It has been known for decades that RNA from all kingdoms of life can be post-transcriptionally modified with over 100 chemical moieties. Initial studies were largely limited to more abundant modifications: N1-methyladenosine (m1A), pseudouridine (Ψ), and 2′-O-methylation (2′OMe) in tRNA and rRNA, and N6-methyladenosine (m6A), 5-methylcytidine (m5C), and 2′O methylation (2′OMe) in mRNA and viral RNA.1-3 This early research not only began the work of exhaustively cataloging these modifications, but also began to uncover the mechanisms by which these small chemical additions influence RNA folding and function. This field has experienced a recent resurgence, particularly with respect to mRNA modifications, driven in part by technological advances in high throughput sequencing and mass spectrometry that have allowed deeper analysis of less prevalent modifications on less abundant RNA species.
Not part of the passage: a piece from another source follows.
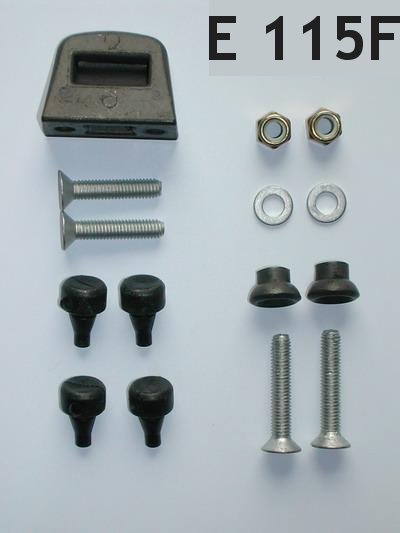 Detailní popis E115F upínací sada kufru 3-dílná - pro jeden kufr (2 čepy, protikus zámku,4 šrouby, gumové dorazy)

With these tools in hand, the mechanisms by which RNA modifications influence cell biology are beginning to be elucidated.
The discovery and characterization of FTO as a mammalian mRNA m6A demethylase highlighted the idea that chemical modifications on RNA could represent a reversible and dynamic mode of post-transcriptional regulation.4 Using an antibody-based enrichment strategy followed by high throughput sequencing, the distribution of m6A sites was mapped throughout the mammalian transcriptome, revealing the characteristic topology in the 3′UTR that suggested its function.5,6 As we learn more about m6A and other mRNA modifications, their distributions in the transcriptome, and their functions in biology, it is becoming clear that different modifications in different sequence contexts provide an additional layer of complexity to the post-transcriptional regulation of gene expression. Ongoing work has also revealed new facets of the structural and functional roles that chemical modifications play on tRNA and rRNA. As we learn more about the networks that control their installation, interplay between mRNA, tRNA, and rRNA modification machinery has also been uncovered, adding a complex layer of regulation to protein translation. Rather than providing an exhaustive overview of our current understanding of RNA modifications, here we will focus primarily on recent studies that highlight emerging themes in the biology of chemical modifications in eukaryotic RNA.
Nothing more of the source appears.